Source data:
_ _ _ _ _ _ _

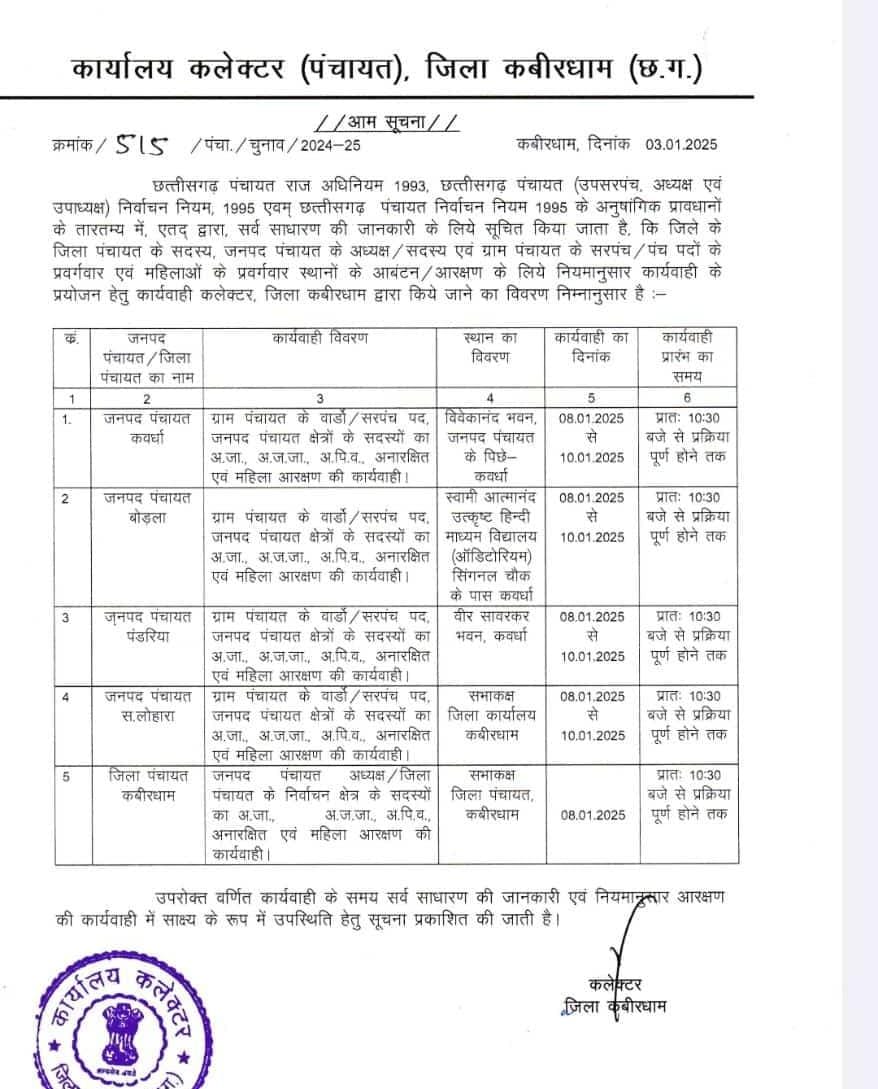 कवर्धा, 03 जनवरी 2025। छत्तीसगढ़ पंचायत राज अधिनियम, 1993 और पंचायत निर्वाचन नियम, 1995 के तहत जिला पंचायत सदस्य, जनपद पंचायत के अध्यक्ष, सदस्य, एवं ग्राम पंचायतों के पंच सरपंच के पदों के लिए प्रवर्गवार एवं महिलाओं के प्रवर्गवार आरक्षण की प्रक्रिया 8 जनवरी 2025 से शुरू होगी। यह प्रक्रिया 10 जनवरी 2025 तक जारी रहेगी। कलेक्टर श्री गोपाल वर्मा ने प्रत्येक जनपद पंचायत के लिए समय और स्थान तय किया गया है।
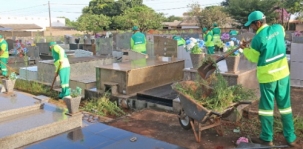 "É uma força tarefa que organizamos no sentido de deixar o cemitério limpo, organizado e aprazível para todos. A todas as pessoas que tem entes queridos sepultados aqui no cemitério pedimos que nos ajudem a cuidar, pois nós temos uma área grande a se conservar, assim, só nesta força-tarefa, teremos uma semana de trabalho". Ireno dos Reis Pereira, diretor da Secretaria de Obras e Serviços Públicos.
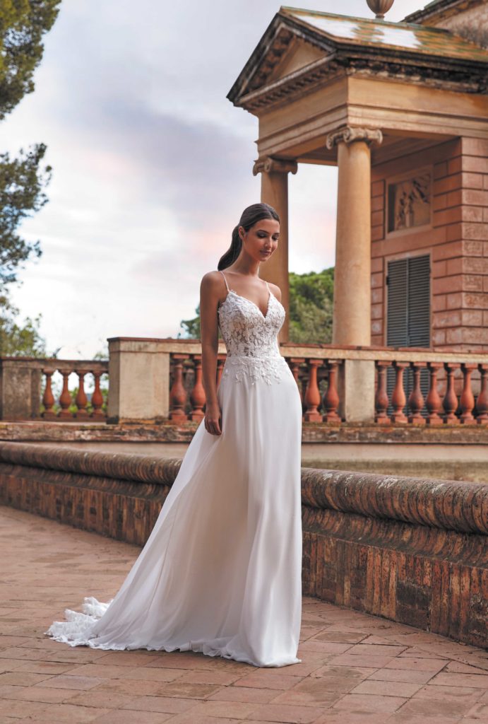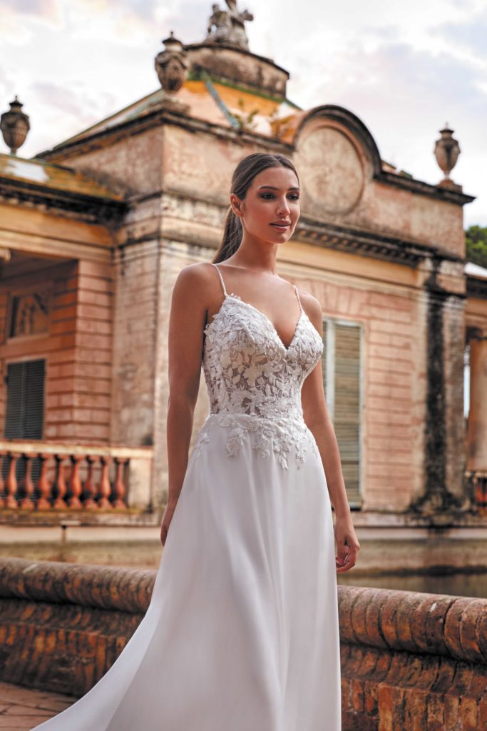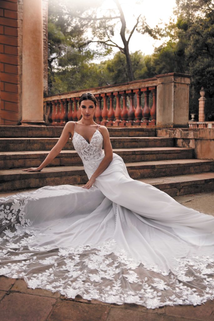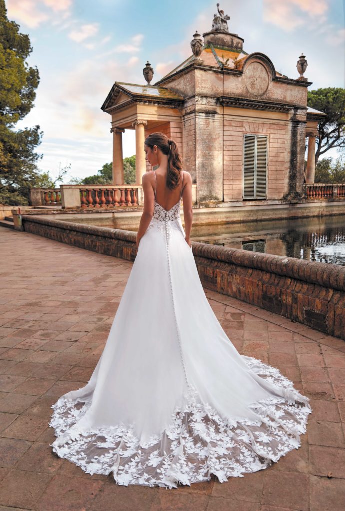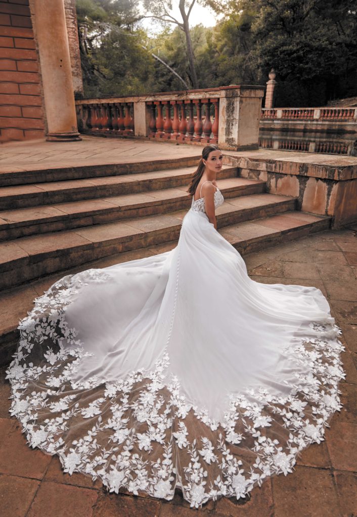 Son haut est composé d’un bustier transparent en dentelle sur tulle chair. Sa jupe en voile se termine de façon spectaculaire par une longue traîne en dentelle.
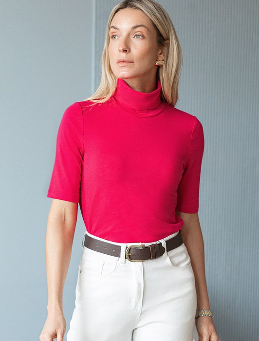Состав: 92%Хлопок 8%ПУ Параметры модели на первом фото: Рост 177, бюст 78, талия 59, бедра 90Базовая водолазка цвета этого года viva magenta с коротким рукавом выполнена из премиального хлопка с добавлением эластичных волокон. Гладкий трикотаж обеспечит гарантированный комфорт и удобство в использовании. На рукаве изделия металлическая нашивка с логотипом бренда. Совет стилиста: водолазку с коротким удобно сочетать с жакетом или блузкой. Также как самостоятельный верх к широким брюкам.
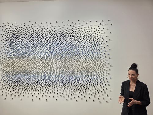 대형 설치 작품 '화이트 포스포러스/코발트'(White Phosphorus/Cobalt)는 수천 개의 작은 세라믹 큐브로 구성됐다. 중심부에서 위아래로 멀어질수록 색의 채도와 밝기가 짙어진다. 이를 통해 팽창과 수축을 표현했다.
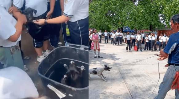 nLos casos de maltrato animal en el país continúan, ahora se exhibió a un maestro que jaló con una cuerda a una perrita para sacarla de una escuela secundaria
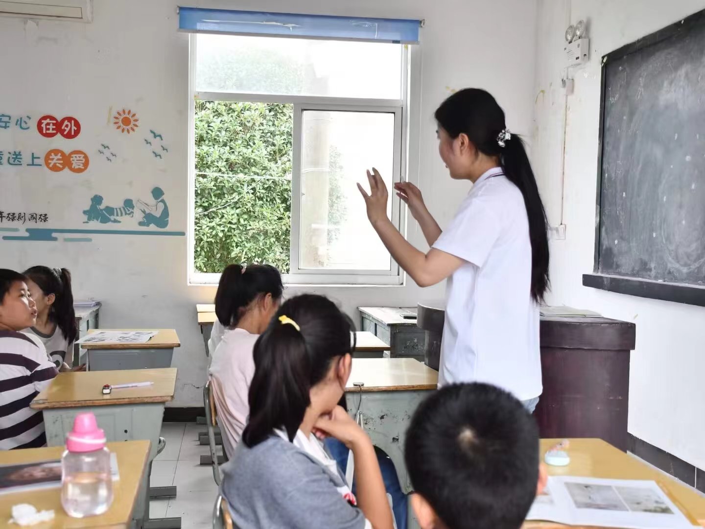 首先,隊(duì)員孫卓向同學(xué)們發(fā)放了有關(guān)牛角畫(huà),樹(shù)雕畫(huà)等繪畫(huà)的圖冊(cè),并系統(tǒng)介紹了其起源和傳承人,如起源于安徽巢湖的牛角畫(huà),它以特制的牛角為材料,選用純天然的植物顏料,通過(guò)精湛的技藝,在牛角上描繪出色彩斑斕的圖案。隨后,宣講現(xiàn)場(chǎng),孫卓手持畫(huà)冊(cè),與孩子們展開(kāi)了一場(chǎng)生動(dòng)的互動(dòng)。她引導(dǎo)孩子們仔細(xì)觀察畫(huà)冊(cè)中的牛角畫(huà)與樹(shù)雕畫(huà),鼓勵(lì)大家猜測(cè)畫(huà)中的奧秘,并耐心解答每一個(gè)疑問(wèn)。孩子們興奮地指著畫(huà)冊(cè),提出自己的見(jiàn)解,與宣講成員熱烈討論。在輕松愉快的氛圍中,孩子們不僅領(lǐng)略了傳統(tǒng)繪畫(huà)的魅力,還深刻體會(huì)到了巢湖非遺文化的獨(dú)特韻味。這種互動(dòng)不僅拉近了彼此的距離,也讓非遺文化的種子在孩子們心中生根發(fā)芽。最后,宣講隊(duì)隊(duì)員與孩子們合影留念,定格非遺文化傳承的美好瞬間。
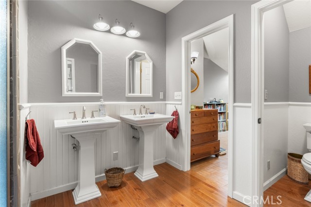The interior has been meticulously updated to preserve its character while adding contemporary elegance. The heart of the home features stunning exposed wooden beams, rich hardwood floors, and a spectacular kitchen finished with premium granite countertops. Uniquely designed for flexible living, the floor plan boasts two complete primary suites—one on the main level and one upstairs. The upper primary retreat is a masterclass in style, with a fireplace and featuring a newly upgraded bathroom with a classic clawfoot soaking tub, double sinks, a walk-in shower, and a private water closet.
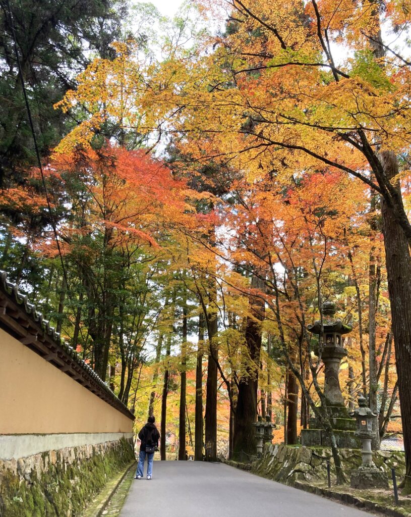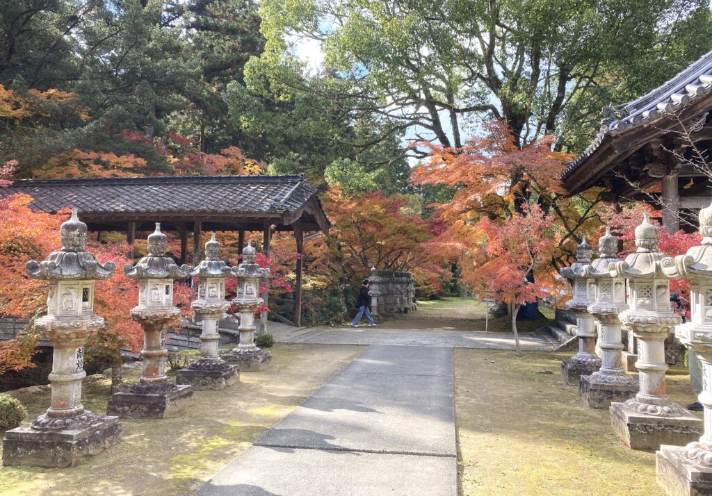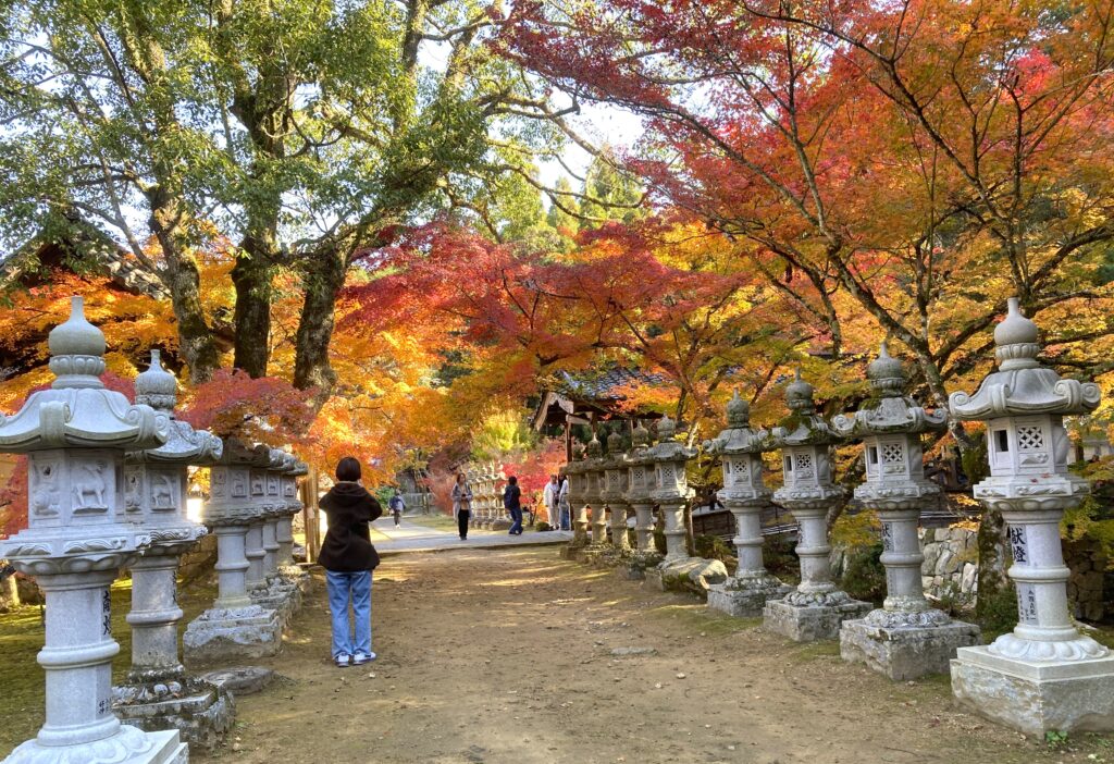 もみじが垂れ下がり、石灯籠が並ぶ参道を進む。
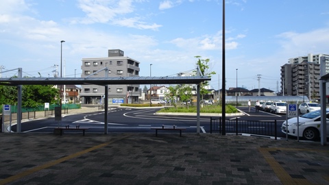 駅東側にはバス乗り場付きのロータリーがある。
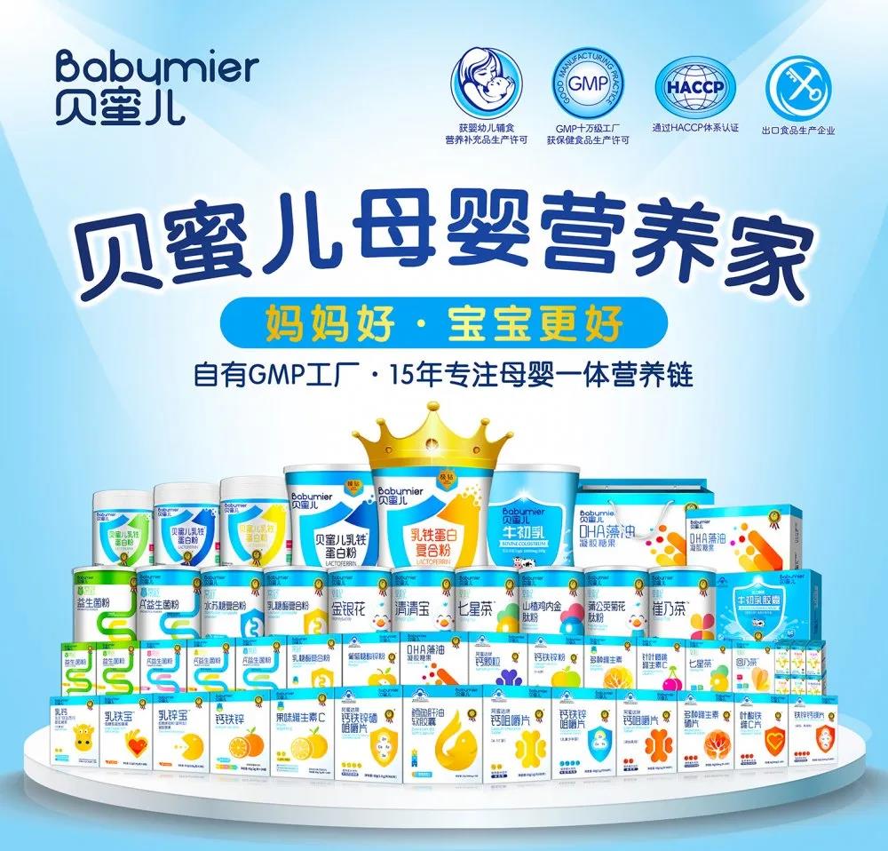 贝蜜儿品牌始于2005年,旗下GMP工厂是专业的营养保健食品、功能食品、婴幼儿特殊膳食生产企业、出口食品生产企业、并通过了CQC(中国质量认证中心)的HACCP质量体系认证。15年来,贝蜜儿专注打造母婴一体营养链,赢得了千万妈妈的信赖。贝蜜儿母婴产品已覆盖中国578个城市的近30000家母婴店和药店,与石药集团、修正药业、北京爱亲、长春米氏、红孩子、爱婴岛、海拍客等大型上市药企和连锁平台达成了战略合作伙伴关系,在天猫、京东、苏宁易购等平台均已成为行业TOP10商家。

_ _ _ _ _ _ _

- Task to complete -
Only the lines starting at the one that includes "대형 설치 작품 '화이트" and ending at the one that includes "首先,隊(duì)員孫卓向同" should be retyped, exactly, from the records above; no pictures.

- Exercise output -
 대형 설치 작품 '화이트 포스포러스/코발트'(White Phosphorus/Cobalt)는 수천 개의 작은 세라믹 큐브로 구성됐다. 중심부에서 위아래로 멀어질수록 색의 채도와 밝기가 짙어진다. 이를 통해 팽창과 수축을 표현했다.
 nLos casos de maltrato animal en el país continúan, ahora se exhibió a un maestro que jaló con una cuerda a una perrita para sacarla de una escuela secundaria
 首先,隊(duì)員孫卓向同學(xué)們發(fā)放了有關(guān)牛角畫(huà),樹(shù)雕畫(huà)等繪畫(huà)的圖冊(cè),并系統(tǒng)介紹了其起源和傳承人,如起源于安徽巢湖的牛角畫(huà),它以特制的牛角為材料,選用純天然的植物顏料,通過(guò)精湛的技藝,在牛角上描繪出色彩斑斕的圖案。隨后,宣講現(xiàn)場(chǎng),孫卓手持畫(huà)冊(cè),與孩子們展開(kāi)了一場(chǎng)生動(dòng)的互動(dòng)。她引導(dǎo)孩子們仔細(xì)觀察畫(huà)冊(cè)中的牛角畫(huà)與樹(shù)雕畫(huà),鼓勵(lì)大家猜測(cè)畫(huà)中的奧秘,并耐心解答每一個(gè)疑問(wèn)。孩子們興奮地指著畫(huà)冊(cè),提出自己的見(jiàn)解,與宣講成員熱烈討論。在輕松愉快的氛圍中,孩子們不僅領(lǐng)略了傳統(tǒng)繪畫(huà)的魅力,還深刻體會(huì)到了巢湖非遺文化的獨(dú)特韻味。這種互動(dòng)不僅拉近了彼此的距離,也讓非遺文化的種子在孩子們心中生根發(fā)芽。最后,宣講隊(duì)隊(duì)員與孩子們合影留念,定格非遺文化傳承的美好瞬間。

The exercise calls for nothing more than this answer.